E é também neste sentido que se posiciona a jurisprudência, que é pacífica a este respeito, podendo ver-se, entre outros, o Acórdão do Tribunal da Relação de Lisboa proferido a 18 de Dezembro de 2012 no âmbito do processo n.º 1600/12 e o Acórdão do Tribunal Central Administrativo Norte proferido a 12 de Novembro de 2015 no âmbito do Processo 01341/15.

E isto porque, conforme se pondera acertadamente neste último aresto, “atenta a natureza dos interesses em causa”, estamos perante situações que se devem enquadrar “no âmbito do risco empresarial, pois que numa empresa seria sempre fácil invocar e demonstrar em relação a praticamente todos os seus bens a sua imprescindibilidade ou como instrumentos de trabalho ou como objectos indispensáveis ao exercício da actividade, pelo que a aplicação desta norma às pessoas colectivas inviabilizaria, na prática, a penhora e todos ou de grande parte dos seus bens, pondo-se assim, em causa, a garantia comum dos seus credores com enormes prejuízos para o comércio jurídico”. Donde, sendo a Executada uma pessoa colectiva, não tem aplicação ao caso sub judice o artigo 737.º, n.º 2 do CPC e, consequentemente, o artigo 52.º n.º 4 da LGT.

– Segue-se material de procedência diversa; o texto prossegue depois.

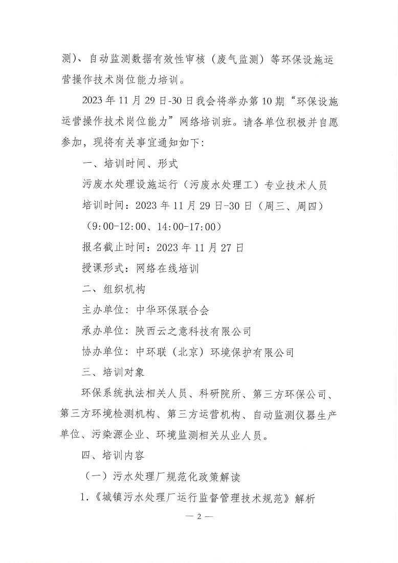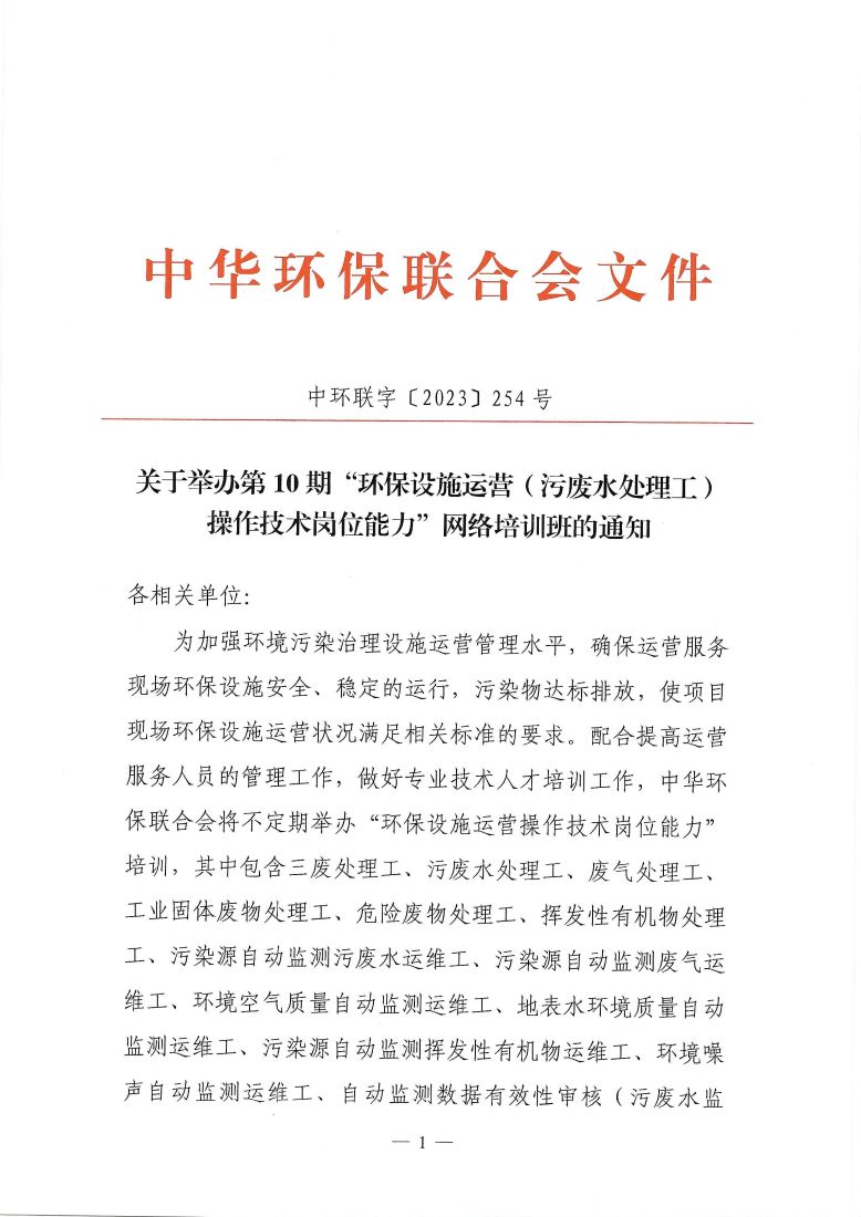 关于举办第10期“环保设施运营(污废水处理工)操作技术岗位能力”网络培训班的通知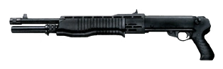 It is a SPAS-12. It's a good gun to use in short and medium distances. Uses the Shotgun Rounds (7 rounds when it is fully loaded).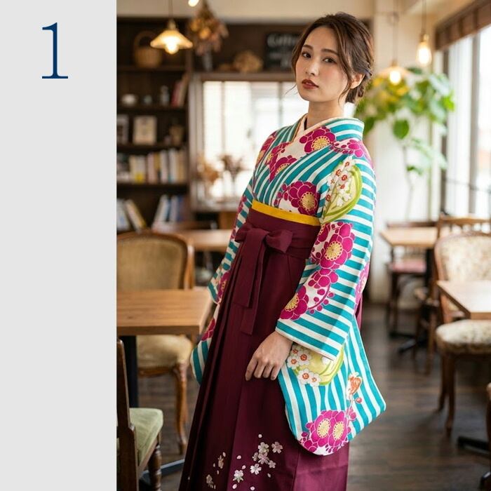 この振袖セットは、すぐにお使いいただけるように全てのアイテムが揃っていますので、安心して卒業式に臨むことができます。慌ただしい準備の中でも、このセットがあれば完璧なスタイルが手に入ります。

Isto dito, sempre se refira, como nota final, que a alegada demora da Administração Tributária “na apreciação e decisão na avaliação e substituição de garantias, que não é compatível com as intenções ou decisões comerciais dos clientes” não pode constituir fundamento de censura da sentença recorrida, uma vez que essa alegada demora não constitui pressuposto do pedido de dispensa de garantia nos termos do artigo 52.º n.º 4 da LGT nem constitui critério que possa ser objectivamente considerado pelo Tribunal para decidir sobre questões presentes, pois é sobre os factos trazidos ao processo (e não sobre factos eventuais ou futuros) que cumpre decidir.

Pelo exposto se conclui que o recurso não merece provimento (…)”.

É este, também, o julgamento que aqui fazemos, sustentado na falta de prova por parte da requerente do cumprimento dos requisitos de dispensa de garantia perante o órgão da execução fiscal, nomeadamente a falta de meios económicos revelada pela insuficiência de bens penhoráveis para prestar garantia, e bem assim na fundamentação sólida e pertinente do acórdão acabado de citar a qual para aqui se aporta. E, assim sendo, a reclamação apresentada não pode lograr provimento.

4- DECISÃO:

Pelo exposto, acordam os Juízes deste STA em negar provimento ao recurso mantendo a decisão recorrida.

Custas a cargo da recorrente

Lisboa, 24 de Julho de 2019. - Ascensão Lopes (relator) – Ana Paula Lobo – José Veloso.